Hey — remember the 80's? If you don't, well, that's when Boston city planners started the ball rolling on the massive infrastructure project that came to be called the "Big Dig" — an ambitious effort to reroute I-93 through a tunnel under the city, and to link downtown Boston with Logan Airport through another tunnel. "The Big Dig was the most expensive highway project in the US," Wikipedia records, "and was plagued by escalating costs, scheduling overruns, leaks, design flaws, charges of poor execution and use of substandard materials, criminal arrests, and one death.The project was originally scheduled to be completed in 1998 at an estimated cost of $2.8 billion (in 1982 dollars, US$6.0 billion adjusted for inflation as of 2006). However, the project was completed only in December 2007, at a cost of over $14.6 billion ($8.08 billion in 1982 dollars, meaning a cost overrun of about 190%) as of 2006. The Boston Globe estimated that the project will ultimately cost $22 billion, including interest, and that it will not be paid off until 2038." See Wikipedia, "Big Dig," by various authors (footnotes omitted).

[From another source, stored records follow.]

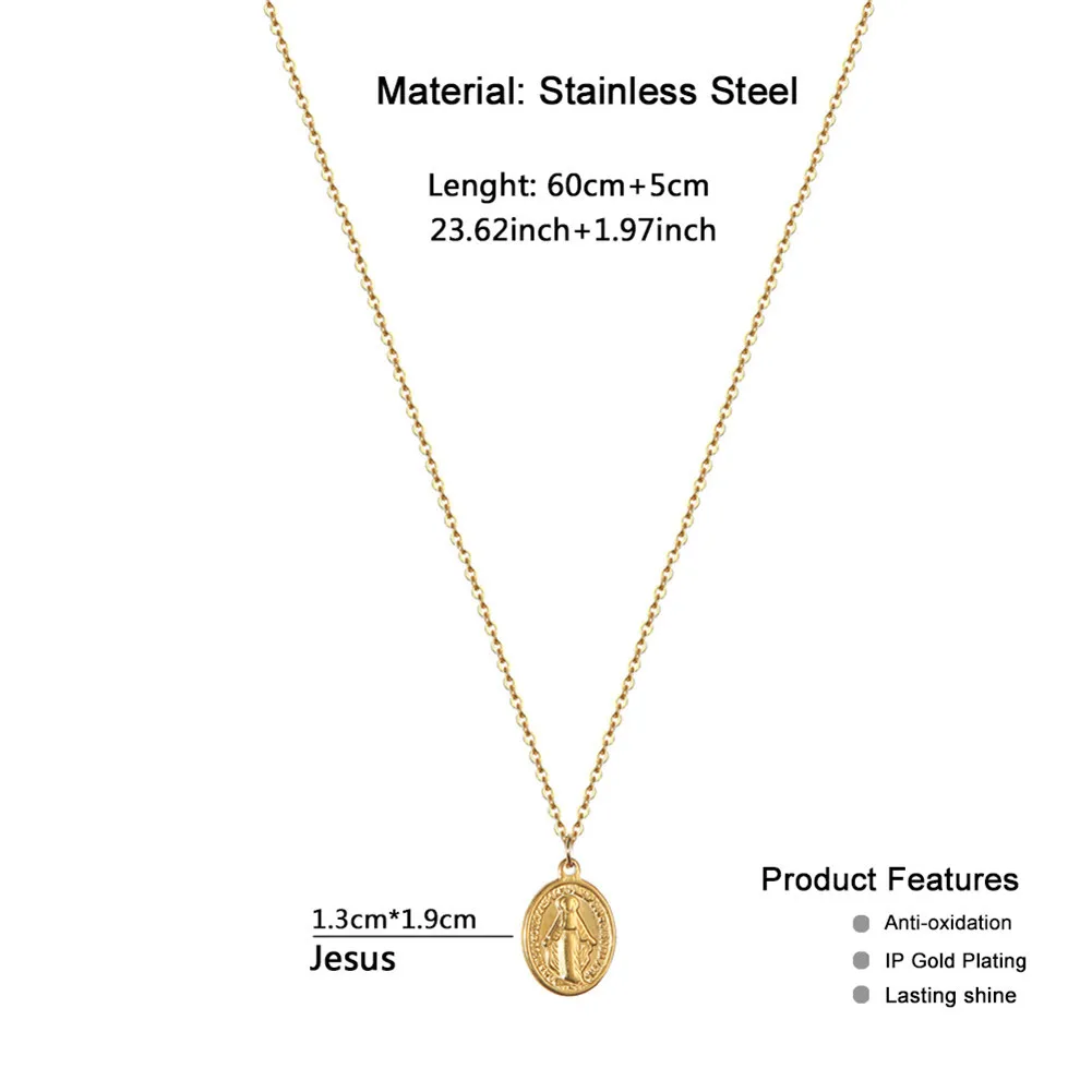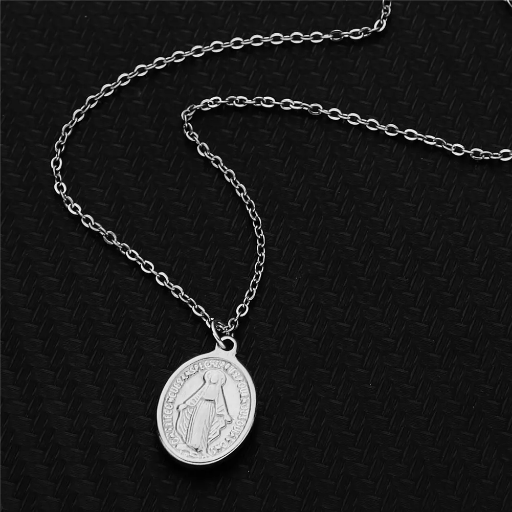 Ожерелье из нержавеющей стали с изображением Девы монет для женщин, подвеска с изображением девы Марии, Роло, цепочка, религиозные украшения
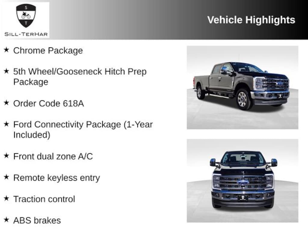 Agate Black Metallic 2026 Ford F-350SD Lariat 4WD 10-Speed Automatic Power Stroke 6.7L V8 DI 32V OHV Turbodiesel 5th Wheel/Gooseneck Hitch Prep Package, 6" Angular Bright Anodized Step Bars, ABS brakes, Alloy wheels, Chrome Door Handles, Chrome Exhaust Tip, Chrome Package, Compass, Electronic Stability Control, Ford Connectivity Package (1-Year Included), Front dual zone A/C, Heated door mirrors, Heated front seats, Heated rear seats, Illuminated entry, Low tire pressure warning, Order Code 618A, Remote keyless entry, Traction control, Twin Panel Power Moonroof, Unique Chrome Mirror Caps, Wheels: 20" Chrome PVD Aluminum.
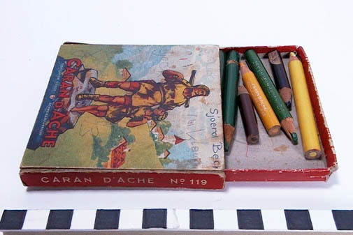 potloden al flink opgebruikt, op kartonnen afbeelding van Man en kind in berglandschap (Uit verhaal Alleen op de wereld?)
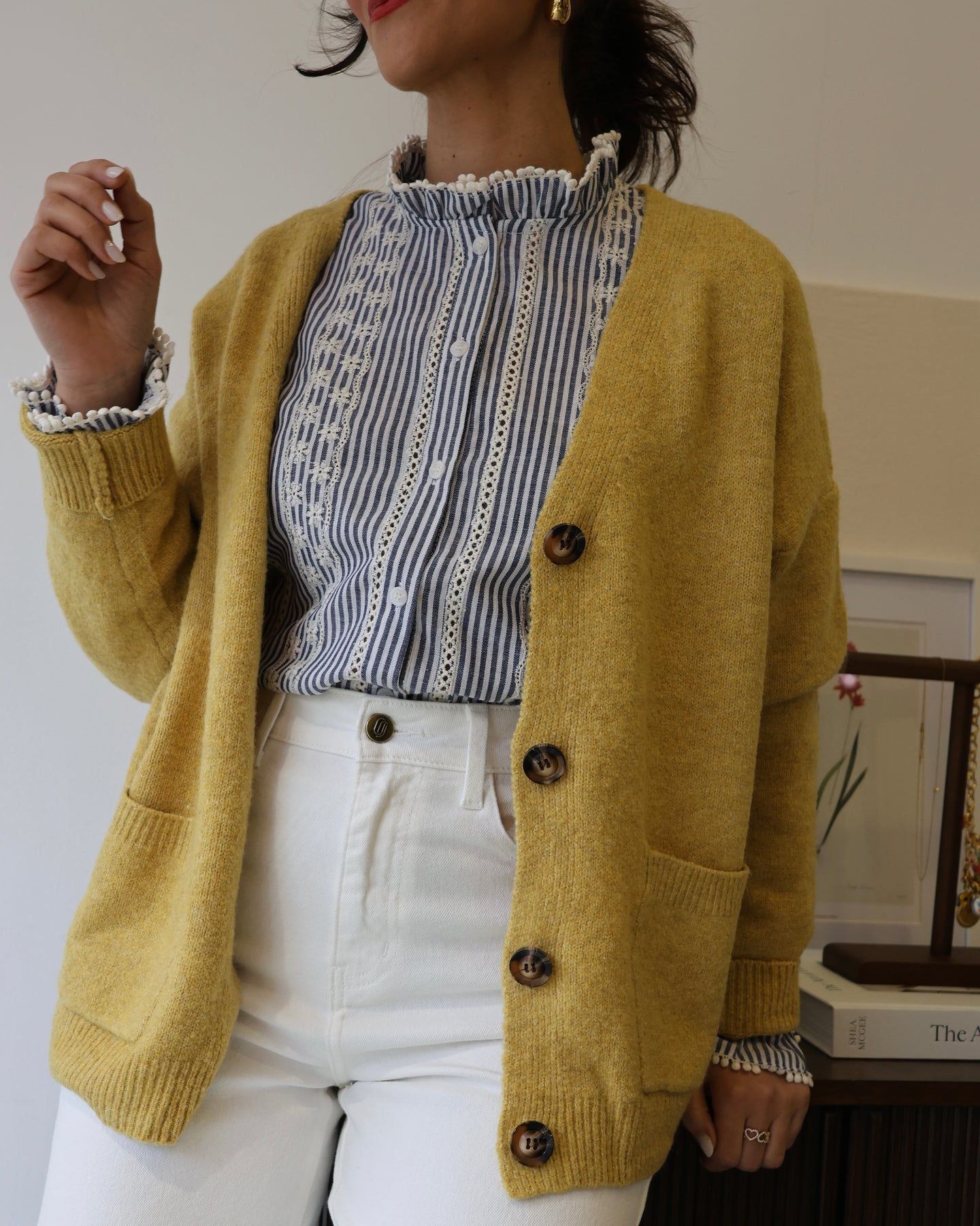 Casaco de manga comprida, composto por lã, decote em bico e bolsos frontais. Coleção Primavera 2026.
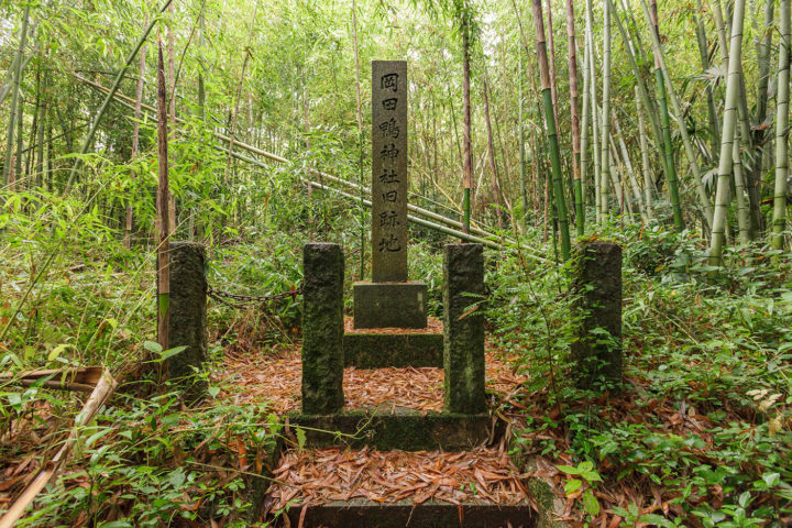 岡田鴨神社旧跡地石碑は、岡田鴨神社の西の竹藪の中にありますが、案内板が無いため行き方がわかりにくいです。
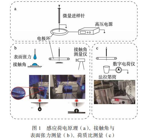 圖1 感應荷電原理(a)、接觸角與表面張力測量(b)、荷質比測量(c)

Why bring all this up now? Well, Boston needs some other infrastructure upgrades, and the city (and state) are operating under budget constraints at least partially caused by overspending on the Big Dig. Among other things, city planners would like to extend and upgrade the Green Line, notoriously the slowest and least predictable of the MTA's subway and trolley routes, and extend the line into areas currently unserved by trains. And with money short for that kind of thing, it's a problem that the price tag on that idea appears to be rising already. Public broadcaster WBUR has a report (see: Ballooning Cost Throws Future Of Green Line Extension Into Question," by Andy Metzger).
Reports WBUR: "Recently estimated at about $2 billion — which doesn’t include the cost of financing — the full cost of adding seven new trolley stations in East Cambridge, Somerville and Medford could wind up as much as $1 billion over budget, MBTA Interim General Manager Frank DePaola told reporters on Monday. Officials who briefed the MBTA’s Fiscal and Management Control Board on Monday afternoon are now looking to renegotiate with the contractor and alter the plans."
Said Transportation Secretary Stephanie Pollack: “Everything’s on the table, and everything includes cancelling the project, but that’s not where we want to go, but we need a project we can afford to build.”